Peraton is a next-generation national security company that drives missions of consequence spanning the globe. They are seeking a Site Reliability Engineer, Manager responsible for ensuring the availability, reliability, and performance of complex systems in a multi-vendor environment, while leading reliability initiatives and collaborating with multiple stakeholders.
Responsibilities:
- Reliability Architecture and Automation: Design, implement, and oversee reliability frameworks, including SLOs, error budgets, and automated incident response systems. Develop and maintain CI/CD pipelines to ensure seamless deployment and procedural efficiency
- Observability and Monitoring: Lead the creation and enhancement of observability platforms using metrics, logging, and tracing tools. Utilize modern technologies like OpenTelemetry, AI/ML for anomaly detection, and streaming data platforms to proactively detect and resolve issues
- Multi-Vendor Collaboration: Coordinate with external vendors and internal teams to integrate and manage diverse systems and tools. Ensure consistent reliability standards and practices are maintained across different technology stacks and service providers
- Incident Management and Risk Mitigation: Drive incident response strategy by leading root cause analysis, post-mortem reviews, and continuous improvement efforts. Identify potential risks and implement mitigation strategies to prevent service disruptions
- Technical Leadership: Mentor site reliability and engineering teams, fostering a culture of reliability, automation, and continuous learning. Advocate for best practices in system design and reliability engineering
- Cross-Functional Partnership: Work closely with product development, DevOps, and security teams to integrate reliability into the software development lifecycle. Influence platform strategy and roadmap based on reliability insights
- Strategic Influence: Collaborate with senior stakeholders and vendors on long-term reliability goals. Prepare executive-level presentations that translate technical challenges into business impact
- Agile and DevOps Practices: Lead and refine agile workflows to enhance team productivity and reliability outcomes. Champion DevOps methodologies to align development and cloud services efforts
Requirements:
- Extensive experience (10+ years) in site reliability engineering or related roles, preferably in multi-vendor and complex environments
- Deep knowledge of cloud-native infrastructure, container orchestration (e.g., Kubernetes), and automation tools such as Terraform, Ansible, or Chef
- Proficiency in observability technologies, such as Prometheus, Grafana, OpenTelemetry, log aggregation systems, etc
- Strong programming and scripting skills for automation and tooling (Python, Go, or similar)

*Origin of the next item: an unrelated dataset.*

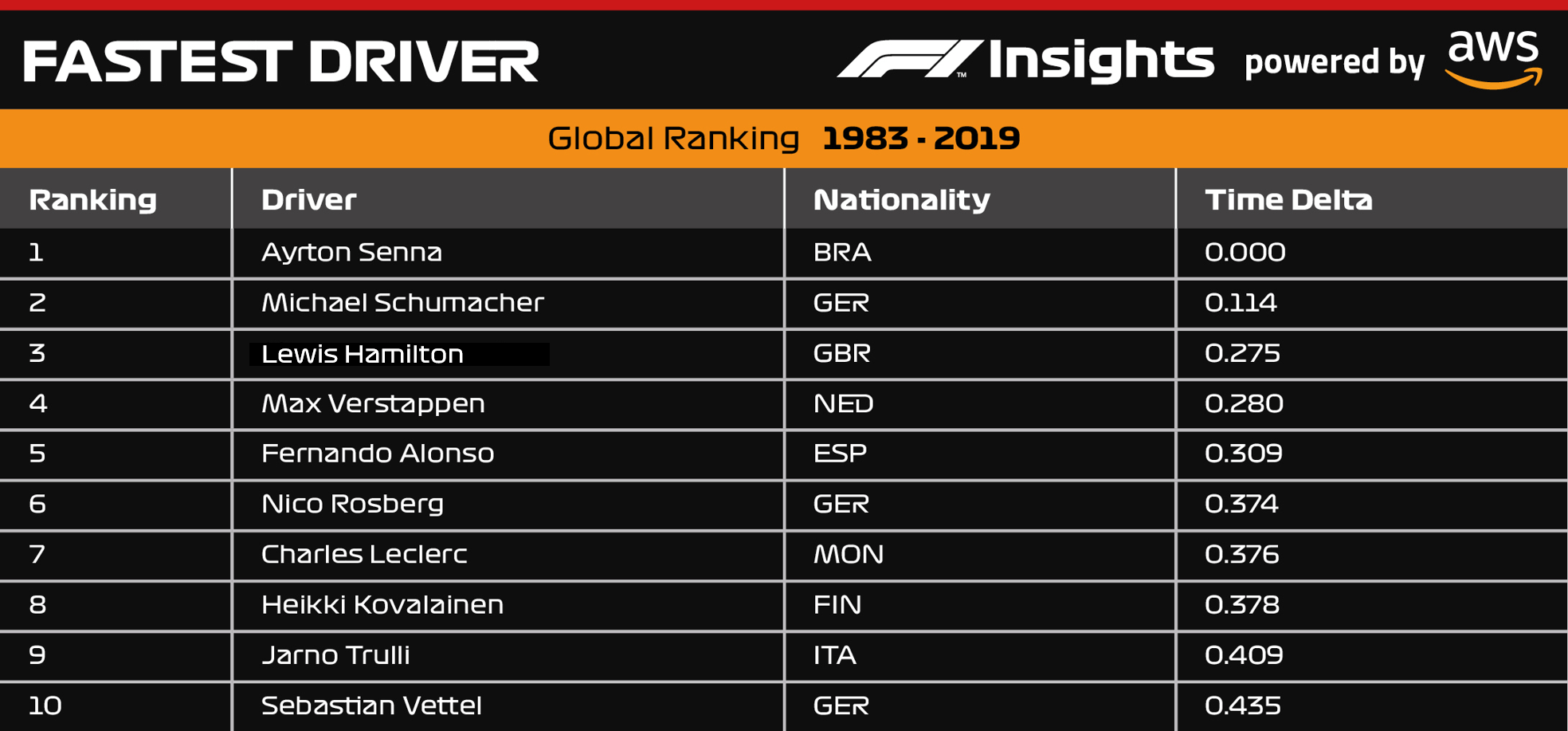 “With the help of AWS we have been able to address something that has been asked for many years and rank drivers by the one raw attribute of pure speed in one flying lap, across the ages, regardless of how good their car is or isn’t.”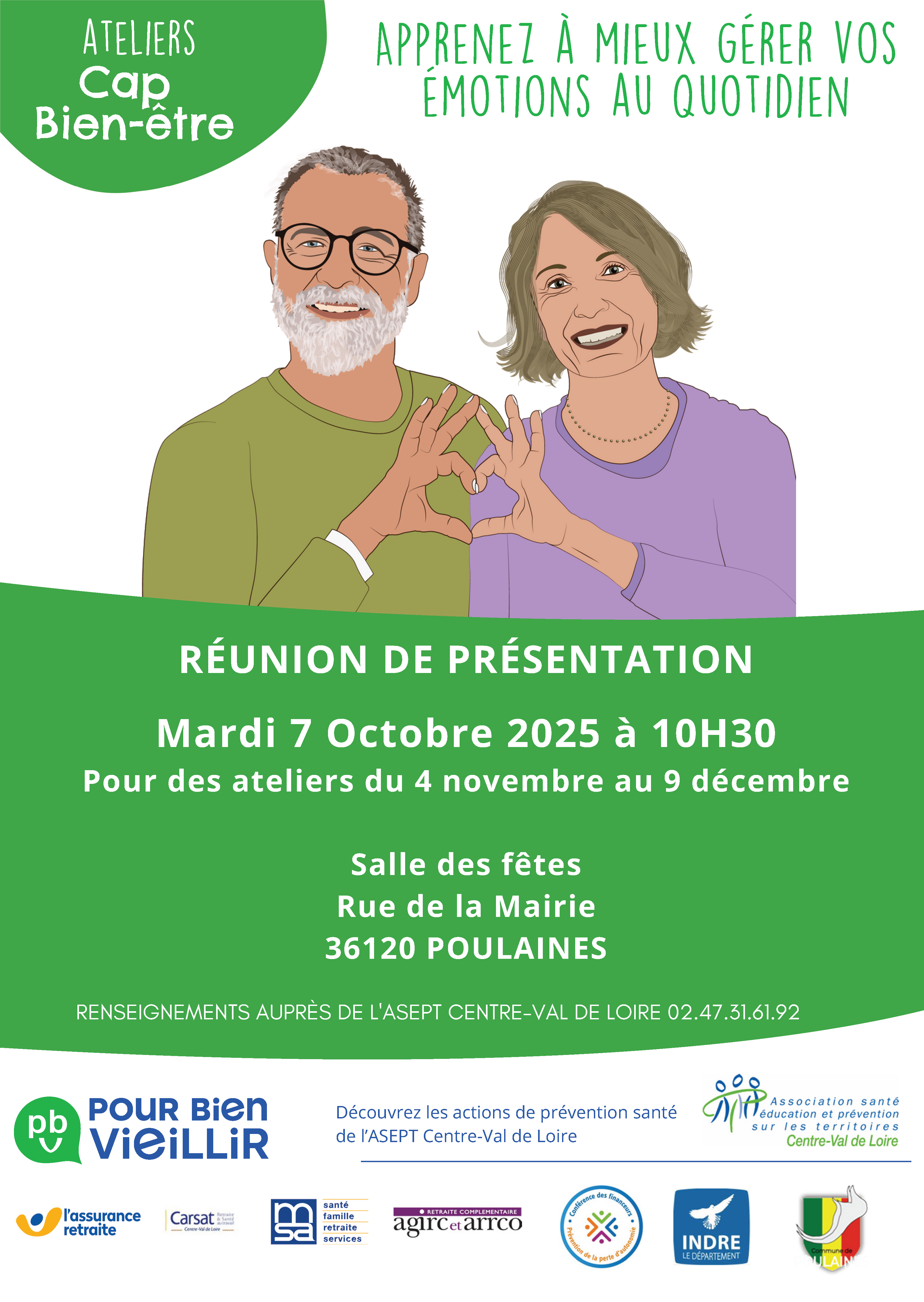 Réunion de présentation mardi 7 octobre 2025 à 10h30 à la salle des fêtes de Poulaines.Renseignements auprès de l'Asept Centre-Val de Loire au 02 54 31 61 92

- Expertise in defining and implementing SLIs, SLOs, and error budgets
- Excellent communication skills for collaboration with diverse teams and external vendors
- Proven ability to lead large-scale reliability initiatives and mentor engineering teams
- Strategic thinker with a focus on aligning reliability engineering with business priorities and customer experience
- U.S. Citizenship required
- Ability to obtain agency clearance (public trust)
- Top Secret clearance preferred